ARTICLE

The detection, treatment and control of high blood pressure in older British adults: cross-sectional findings from the British Women's Heart and Health Study and the British Regional Heart Study

Journal of Human Hypertension (2006) 20, 733–741
R Patel, D A Lawlor, P Whincup, D Montaner, O Papacosta, P Brindle and S Ebrahim Department of Social Medicine, University of Bristol, Bristol, UK, Division of Community Health Sciences, St George's, University of London, London, UK , Department of Primary Care and Population Sciences, Royal Free and University College Medical School, London, UK Department of Epidemiology and Population Health, London School of Hygiene and Tropical Medicine, London, UK

Among older people, the detection and control of hypertension is particularly important to reduce cardiovascular disease risk. This cross-sectional survey aimed to describe the detection, treatment and control of hypertension in older British adults.

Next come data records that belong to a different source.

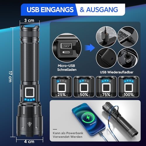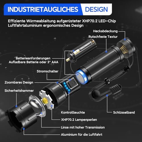Dank des hochmodernen XHP70.2-LED-Chips mit einer maximalen Helligkeit von bis zu 1.000.000 Lumen ist diese Taschenlampe in der Lage, selbst die dunkelsten Umgebungen zu erhellen. Ob dichte Wälder oder neblige Nächte – der Lichtstrahl durchdringt problemlos, sodass Sie eine Fläche von 300 m² vollständig ausleuchten oder Objekte in einer Entfernung von bis zu 1000 Metern erkennen können.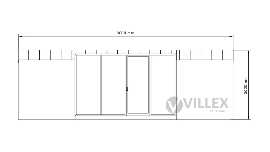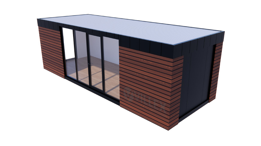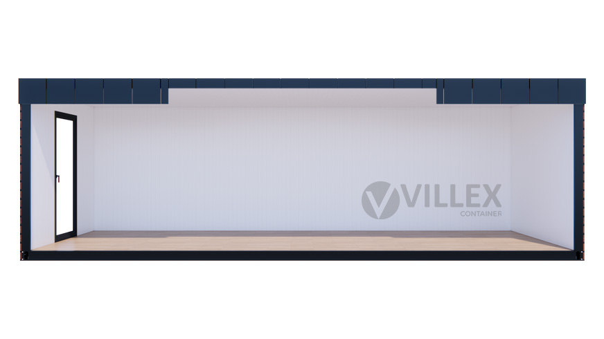 Der Villex Ultra Wood Pavillon 2.0 der Villex Container GmbH ist ein hochwertiger Bürocontainer mit einer Länge von 8,0 m, einer Breite von 3,0 m und einer Höhe von 2,6 m. Die 5 cm starke Dämmung sorgt für eine effektive Isolierung und schafft ein angenehmes Raumklima. Durch die anthrazitfarbenen Paneele (RAL7016) und den farblich abgestimmten Grundrahmen erhält der Container ein modernes und zugleich edles Erscheinungsbild. Zur Ausstattung gehören eine Glastür sowie drei zusätzliche Glaselemente, die gemeinsam mit einem bodentiefen Fenster (1000 x 2000 mm) für großzügigen Lichteinfall und eine offene Atmosphäre sorgen. Die integrierte Elektrik umfasst einen 32A CEE-Stecker, drei Doppelsteckdosen, zwei LED-Leuchten sowie einen Lichtschalter, wodurch eine komfortable Nutzung im Büroalltag gewährleistet wird. Mit einem Gewicht von 1700 kg ist der Villex Ultra Wood Pavillon 2.0 stabil und robust, gleichzeitig aber flexibel einsetzbar. Er vereint Funktionalität mit ansprechendem Design und eignet sich ideal als stilvoller Bürocontainer für vielseitige Anwendungen.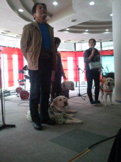 、午後1時45分から2時まで、1階の小ステージで盲導犬の実演などもおこなわれ、盲導犬ユーザーも自己紹介や思いを伝えました。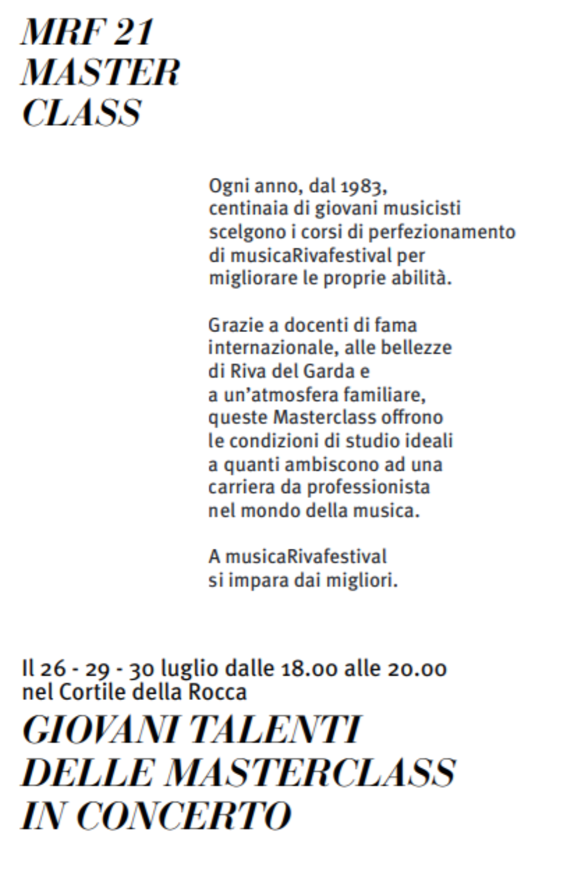 Grazie a docenti di fama internazionale, alle bellezze di Riva del Garda e a un’atmosfera familiare, queste Masterclass offrono le condizioni di studio ideali a quanti ambiscono ad una carriera da professionista nel mondo della musica.

A total of 3059 women and 3007 men aged 60–79 years were randomly selected from general practice age/sex registers in 24 British towns and examined from 1998 to 2001. Of these, 52.6% women and 47.9% men had at least one indicator of hypertension (high blood pressure on examination, or taking antihypertensive medication or recalled a doctor diagnosis of high blood pressure). Among women, 50% of those with any indication of hypertension were on treatment and 29% were well controlled, and among men 45% were on treatment and 16% were well controlled. With the exception of alcohol use in men (adjusted odds ratio 0.67 (0.46, 0.98)), socioeconomic factors, area of residence and behavioural risk factors were not associated with good control among those with hypertension in either sex. Of those on treatment, 20.7% of women and 28% of men were on two classes of antihypertensive medication and 3.5 and 4.9%, respectively, were on three or more classes of antihypertensive medication. Among those with a doctor diagnosis of hypertension and taking antihypertensive medication, the proportion with well controlled blood pressure did not differ between those on more than one antihypertensive and those on just one in either sex.

We conclude that targets of good control are rarely met in older individuals, who would benefit from the associated reduction in cardiovascular disease risk.